Danis Daniel, Bamshad Michael J, Bridges Yasemin, Caballero-Oteyza Andrés, Cacheiro Pilar, Carmody Leigh C, Chimirri Leonardo, Chong Jessica X, Coleman Ben, Dalgleish Raymond, Freeman Peter J, Graefe Adam S L, Groza Tudor, Hansen Peter, Jacobsen Julius O B, Klocperk Adam, Kusters Maaike, Ladewig Markus S, Marcello Allison J, Mattina Teresa, Mungall Christopher J, Munoz-Torres Monica C, Reese Justin T, Rehburg Filip, Reis Bárbara C S, Schuetz Catharina, Smedley Damian, Strauss Timmy, Sundaramurthi Jagadish Chandrabose, Thun Sylvia, Wissink Kyran, Wagstaff John F, Zocche David, Haendel Melissa A, Robinson Peter N
Berlin Institute of Health at Charité - Universitätsmedizin Berlin, Berlin, Germany; The Jackson Laboratory for Genomic Medicine, 10 Discovery Drive, Farmington CT 06032, USA.
Department of Pediatrics, Division of Genetic Medicine, University of Washington, 1959 NE Pacific Street, Box 357371, Seattle, WA 98195, USA; Brotman-Baty Institute for Precision Medicine, 1959 NE Pacific Street, Box 357657, Seattle, WA 98195, USA; Department of Pediatrics, Division of Genetic Medicine, Seattle Children's Hospital, Seattle, WA 98195, USA.
HGG Adv. 2025 Jan 9;6(1):100371. doi: 10.1016/j.xhgg.2024.100371. Epub 2024 Oct 10.

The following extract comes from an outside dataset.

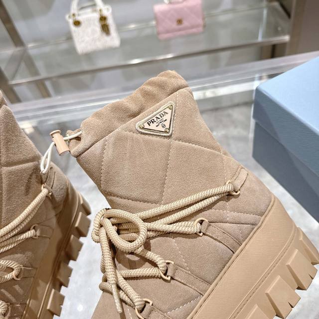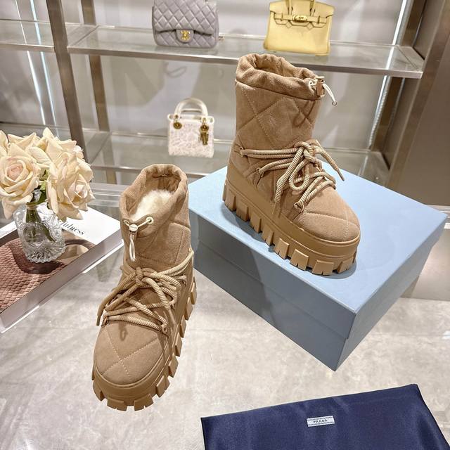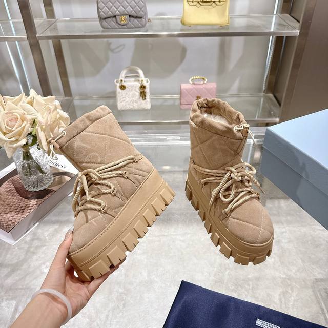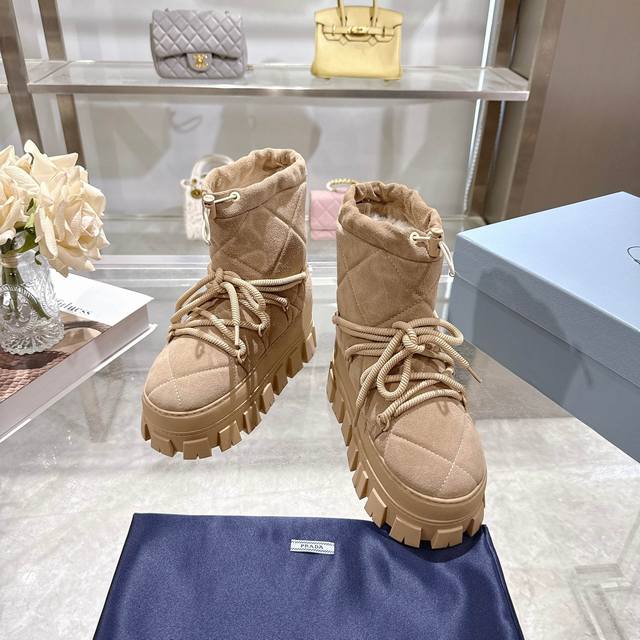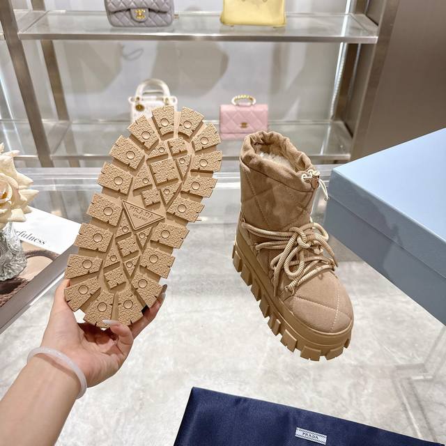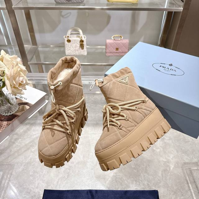 Factory Price (pp): DDD Latest Prada Snow Boots DDD Enameled Triangular Metal Logo DDD Boot Shaft: 14cm DDD Thick Sole, 50mm DDD Embossed 1:1 Original Outsole DDD Notched Edge DDD Colors: 4 DDD Sizes: 35-42 41.42 Custom Made DDD

The Global Alliance for Genomics and Health (GA4GH) Phenopacket Schema was released in 2022 and approved by ISO as a standard for sharing clinical and genomic information about an individual, including phenotypic descriptions, numerical measurements, genetic information, diagnoses, and treatments. A phenopacket can be used as an input file for software that supports phenotype-driven genomic diagnostics and for algorithms that facilitate patient classification and stratification for identifying new diseases and treatments. There has been a great need for a collection of phenopackets to test software pipelines and algorithms. Here, we present Phenopacket Store. Phenopacket Store v.0.1.19 includes 6,668 phenopackets representing 475 Mendelian and chromosomal diseases associated with 423 genes and 3,834 unique pathogenic alleles curated from 959 different publications. This represents the first large-scale collection of case-level, standardized phenotypic information derived from case reports in the literature with detailed descriptions of the clinical data and will be useful for many purposes, including the development and testing of software for prioritizing genes and diseases in diagnostic genomics, machine learning analysis of clinical phenotype data, patient stratification, and genotype-phenotype correlations. This corpus also provides best-practice examples for curating literature-derived data using the GA4GH Phenopacket Schema.
全球基因组与健康联盟(GA4GH)表型包模式于2022年发布,并被国际标准化组织(ISO)批准为共享个人临床和基因组信息的标准,包括表型描述、数值测量、遗传信息、诊断和治疗。一个表型包可以用作支持表型驱动的基因组诊断软件以及促进患者分类和分层以识别新疾病和治疗方法的算法的输入文件。非常需要一组表型包来测试软件管道和算法。在此,我们展示了表型包存储库。表型包存储库v.0.1.19包含6668个表型包,代表了与423个基因和3834个独特致病等位基因相关的475种孟德尔疾病和染色体疾病,这些数据是从959篇不同出版物中整理而来的。这是首个大规模的、源自文献病例报告的病例级标准化表型信息集合,其中包含临床数据的详细描述,将用于多种目的,包括开发和测试诊断基因组学中用于基因和疾病优先级排序的软件、临床表型数据的机器学习分析、患者分层以及基因型-表型相关性研究。该语料库还提供了使用GA4GH表型包模式整理文献衍生数据的最佳实践示例。